Я сидел за столом и готовился к какому-то экзамену. «Все к чертям, все к чертям, псу под хвост…» — бормотал он, с пришаркиванием ходя по соседней комнате, и, хотя дверь была закрыта, мне казалось, что отделанные мехом французские тапки его шаркают у меня по голове. Я встал и раскрыл дверь.
— Да ладно, — сказал я отцу водевильно-веселым голосом. — Ну если и выгонят! Не пропадем же. Не на Западе ведь.
Он остановился и, не глядя на меня, взмахивая рукой, будто отбивая такт, закричал неожиданно резко и свистяще:
— Что ты понимаешь, чтобы давать мне советы! Щенок! Я двадцать лет положил на то, чтобы стать тем, кто я есть! Я столько вынес ради этого, ты знаешь?!
Я понял, что обречен на это шарканье до поздней ночи и, если хочу заниматься, должен поискать себе другое место.
Отца не сняли. И когда я сдавал вступительные экзамены, мы получили ордер на трехкомнатную квартиру, а одновременно с ордером подвернулось выгодно купить хорошую дачу в Красной Пахре. Сообщение с поселком было неважное, но нам это было не страшно: у нас уже года два стояла в гараже «Волга», тоже, между прочим, как у того отцова сослуживца, песочного цвета — они их покупали одновременно.
А родом отец был из деревни, из Ярославской губернии, и приехал когда-то в Москву в одних-единственных домотканой материи штанах, заплатанном пиджачишке и разваливающихся, с чужой ноги сапогах. Мать, правда, была городская. Но тоже не из барышень, и часто любила вспоминать, что в детстве ей очень хотелось научиться играть на пианино, и способности у нее открылись необыкновенные, но денег купить инструмент не было…

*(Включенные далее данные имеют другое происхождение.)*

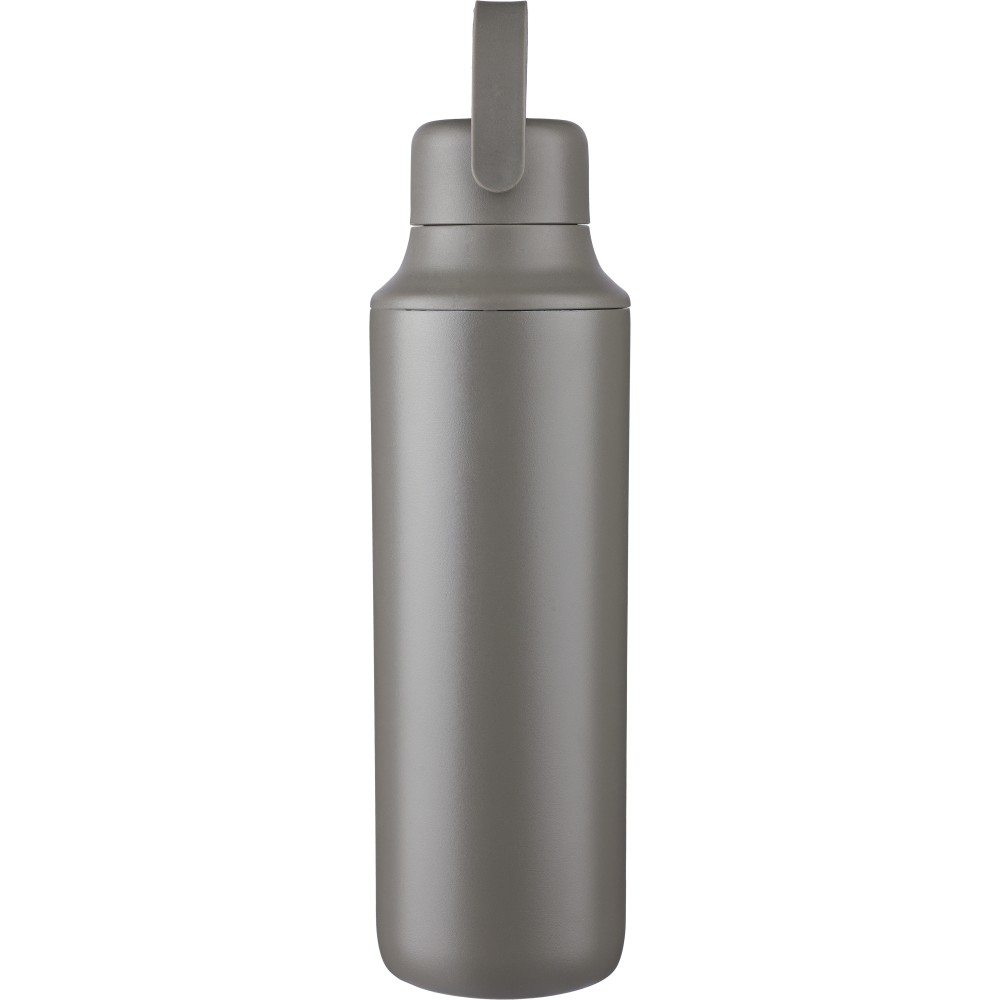 Duplafalú rozsdamentes acél kulacs (500 ml), belső anyaga 304-es rozsdamentes acél, külső része pedig 201-es rozsdamentes acél. Két tetővel szállítjuk: egy hordozófüles PP tetővel és egy átlátszó PS tetővel, amely a mellékelt rozsdamentes acél szívószállal, szilikon véggel és tartóval használható. Egyenként csomagolva, barna kartondobozban.

Ночь я почти не спал. Через голову у меня был, казалось, продернут тонкий металлический, прут, он непрестанно дрожал, и от этого его дрожания в голове стоял гулкий тяжелый звон. Горели обожженные ладони, до них было больно дотронуться. Мефодий, столкав одеяло к задней спинке, лежал на своей кровати в одних трусах и, сложив руки на груди, словно молясь во сне по-мусульмански, храпел с богатырской мощью и яростью.
Около семи я поскребся к Макару Петровичу. Он уже был на ногах — тотчас распахнул мне дверь и молча показал рукой: проходи.
Я зашел, он закрыл дверь и, жестом же все попросив меня пригнуться, прошептал на ухо:
— Спит еще. До свету с боку на бок перекладывался. Я ему уж потом элениум дал — прошлый год мне выписывали, я не пил.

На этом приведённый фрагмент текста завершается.